• _EXERCISE_: Within the entries below, please return exactly the lines from the one with "Rego / Lapanouse" through the one with "代表して5名の生徒が質問しま", leaving out any pictures.

• _EXCERPTED DATA_:

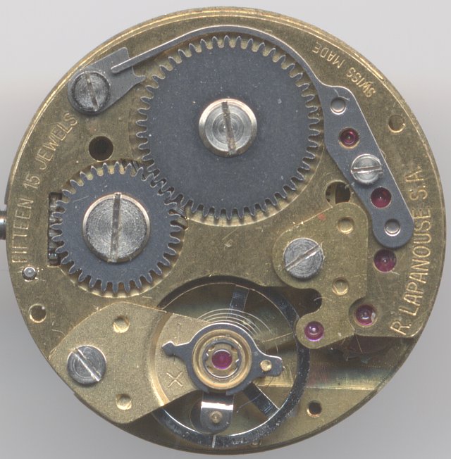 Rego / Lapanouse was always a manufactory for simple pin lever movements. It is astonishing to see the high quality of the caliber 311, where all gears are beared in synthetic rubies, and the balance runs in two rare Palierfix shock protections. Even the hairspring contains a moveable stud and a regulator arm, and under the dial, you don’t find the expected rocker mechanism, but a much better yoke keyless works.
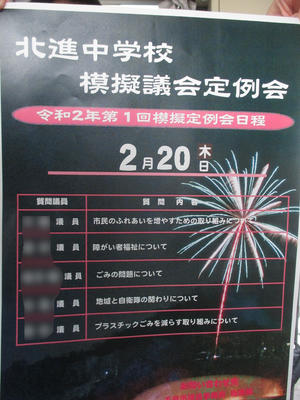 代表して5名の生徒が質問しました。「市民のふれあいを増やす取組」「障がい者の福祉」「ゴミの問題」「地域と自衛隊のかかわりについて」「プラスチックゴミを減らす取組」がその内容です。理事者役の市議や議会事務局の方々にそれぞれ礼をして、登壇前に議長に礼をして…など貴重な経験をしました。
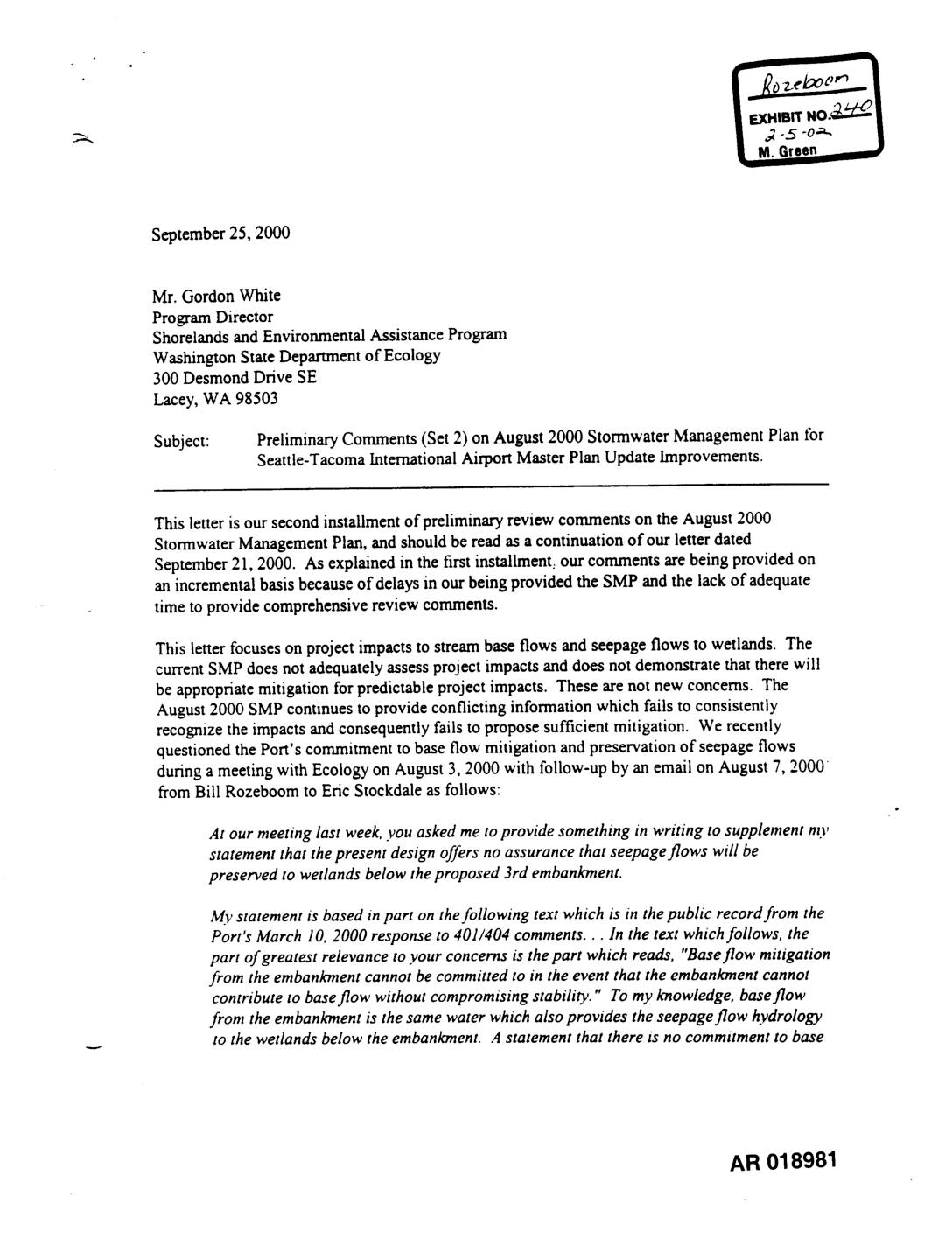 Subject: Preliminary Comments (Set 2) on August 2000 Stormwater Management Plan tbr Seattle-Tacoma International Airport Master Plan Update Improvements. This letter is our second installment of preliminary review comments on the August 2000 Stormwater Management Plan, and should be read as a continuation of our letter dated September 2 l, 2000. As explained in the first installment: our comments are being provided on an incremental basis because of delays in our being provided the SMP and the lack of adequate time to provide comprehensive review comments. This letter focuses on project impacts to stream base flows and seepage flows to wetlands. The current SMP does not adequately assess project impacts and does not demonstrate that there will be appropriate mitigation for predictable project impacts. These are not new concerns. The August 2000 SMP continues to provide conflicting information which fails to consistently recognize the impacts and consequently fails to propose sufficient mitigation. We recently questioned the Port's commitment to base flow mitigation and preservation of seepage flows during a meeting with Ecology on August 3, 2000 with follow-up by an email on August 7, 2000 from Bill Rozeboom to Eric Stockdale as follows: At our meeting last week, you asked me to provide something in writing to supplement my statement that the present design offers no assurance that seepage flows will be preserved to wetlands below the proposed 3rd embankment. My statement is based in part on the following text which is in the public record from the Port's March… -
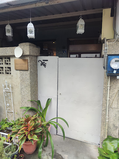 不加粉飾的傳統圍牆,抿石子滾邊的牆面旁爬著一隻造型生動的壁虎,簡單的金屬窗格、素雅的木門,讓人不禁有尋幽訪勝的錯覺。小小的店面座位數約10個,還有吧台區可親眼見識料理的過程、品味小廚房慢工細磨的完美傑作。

...

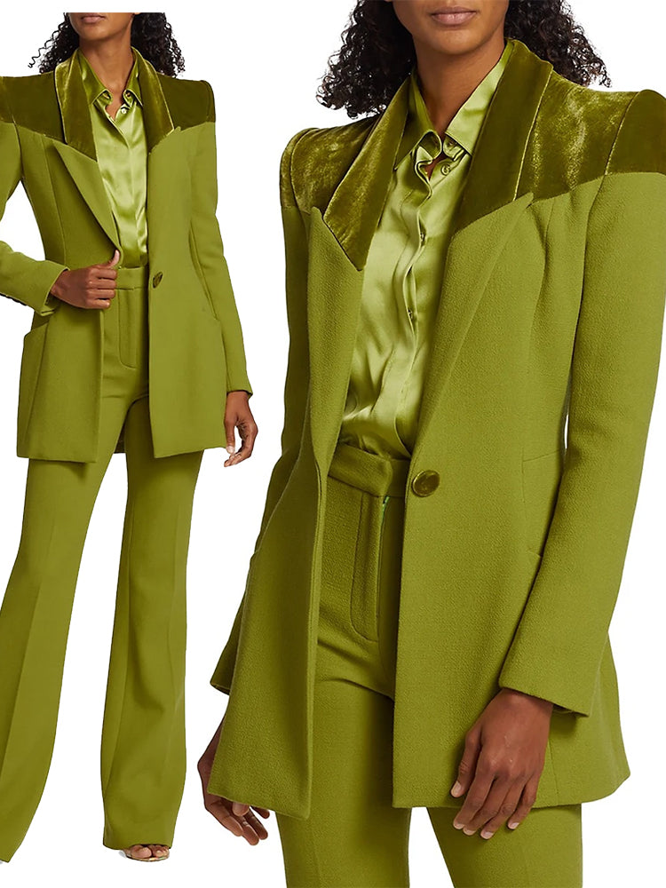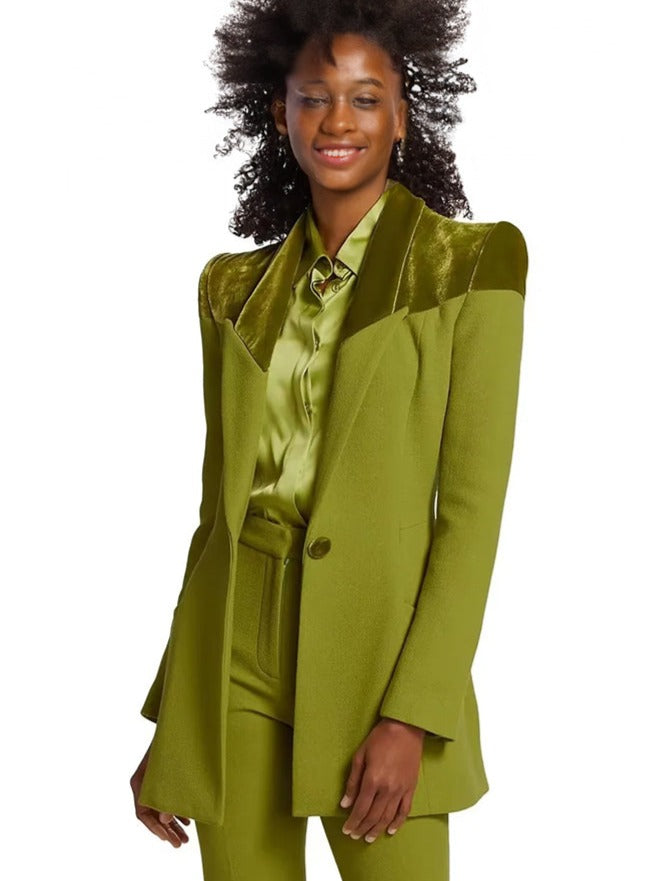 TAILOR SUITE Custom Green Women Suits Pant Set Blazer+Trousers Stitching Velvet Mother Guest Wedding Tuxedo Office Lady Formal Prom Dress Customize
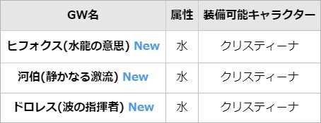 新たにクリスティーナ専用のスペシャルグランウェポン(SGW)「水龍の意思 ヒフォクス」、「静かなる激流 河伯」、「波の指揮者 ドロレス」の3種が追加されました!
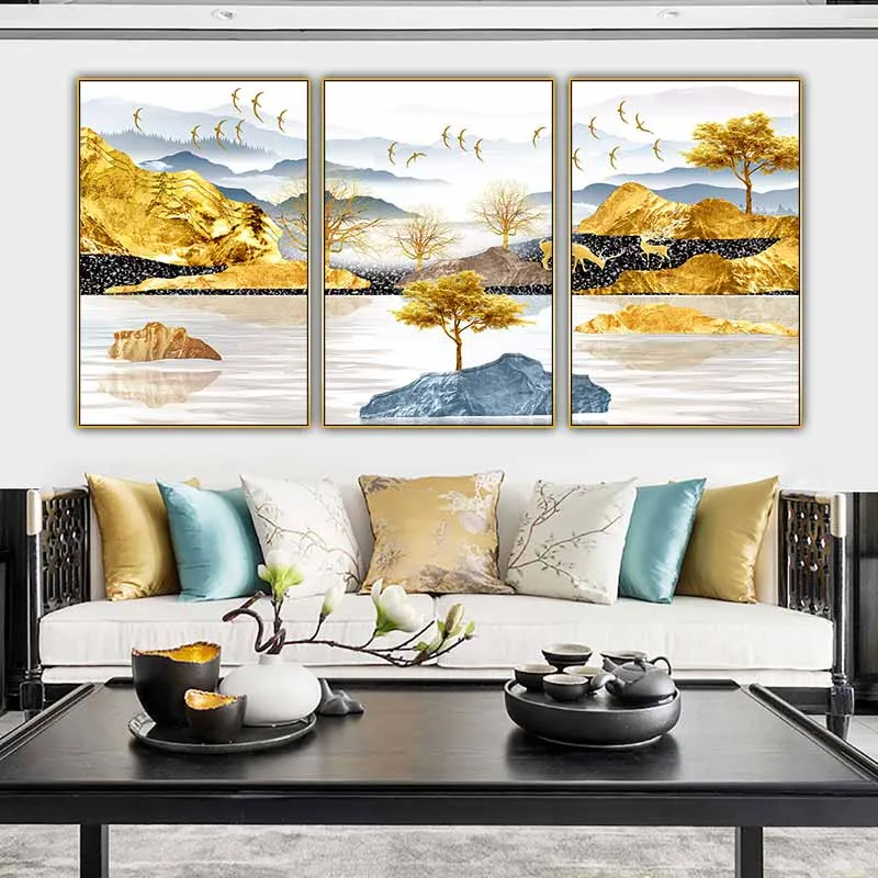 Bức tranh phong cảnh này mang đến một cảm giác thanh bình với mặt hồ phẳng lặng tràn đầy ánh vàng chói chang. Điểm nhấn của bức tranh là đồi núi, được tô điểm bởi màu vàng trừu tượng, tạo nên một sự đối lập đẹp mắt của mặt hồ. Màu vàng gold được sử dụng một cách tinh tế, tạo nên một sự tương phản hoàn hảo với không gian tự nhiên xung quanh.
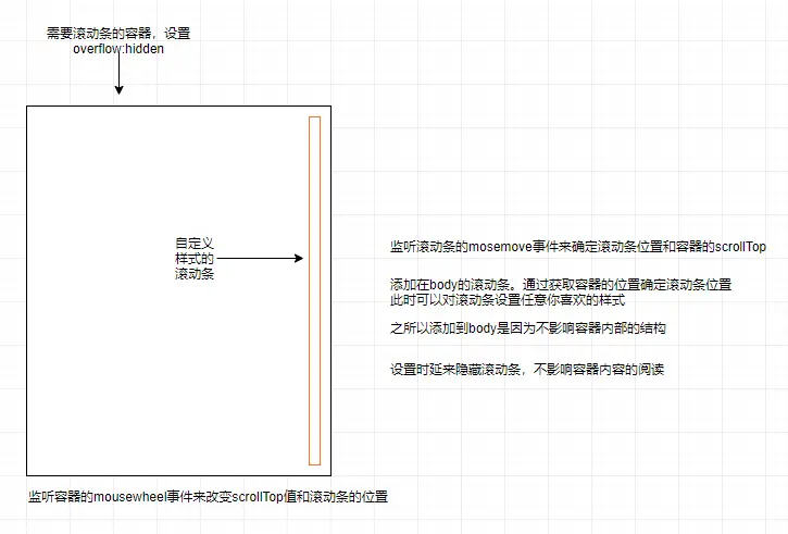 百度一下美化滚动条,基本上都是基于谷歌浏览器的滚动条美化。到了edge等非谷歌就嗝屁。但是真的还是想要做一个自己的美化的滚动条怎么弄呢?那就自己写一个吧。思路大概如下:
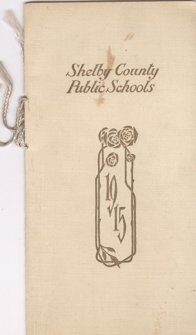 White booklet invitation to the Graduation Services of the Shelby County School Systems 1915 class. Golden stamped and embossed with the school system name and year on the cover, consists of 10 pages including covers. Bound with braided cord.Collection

==

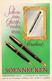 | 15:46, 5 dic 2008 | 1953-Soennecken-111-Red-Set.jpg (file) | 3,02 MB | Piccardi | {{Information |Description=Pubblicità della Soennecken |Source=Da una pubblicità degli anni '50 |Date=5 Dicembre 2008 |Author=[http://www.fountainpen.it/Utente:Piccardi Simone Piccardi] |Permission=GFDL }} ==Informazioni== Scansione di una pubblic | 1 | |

• _ANSWER BOX_:
 Rego / Lapanouse was always a manufactory for simple pin lever movements. It is astonishing to see the high quality of the caliber 311, where all gears are beared in synthetic rubies, and the balance runs in two rare Palierfix shock protections. Even the hairspring contains a moveable stud and a regulator arm, and under the dial, you don’t find the expected rocker mechanism, but a much better yoke keyless works.
 代表して5名の生徒が質問しました。「市民のふれあいを増やす取組」「障がい者の福祉」「ゴミの問題」「地域と自衛隊のかかわりについて」「プラスチックゴミを減らす取組」がその内容です。理事者役の市議や議会事務局の方々にそれぞれ礼をして、登壇前に議長に礼をして…など貴重な経験をしました。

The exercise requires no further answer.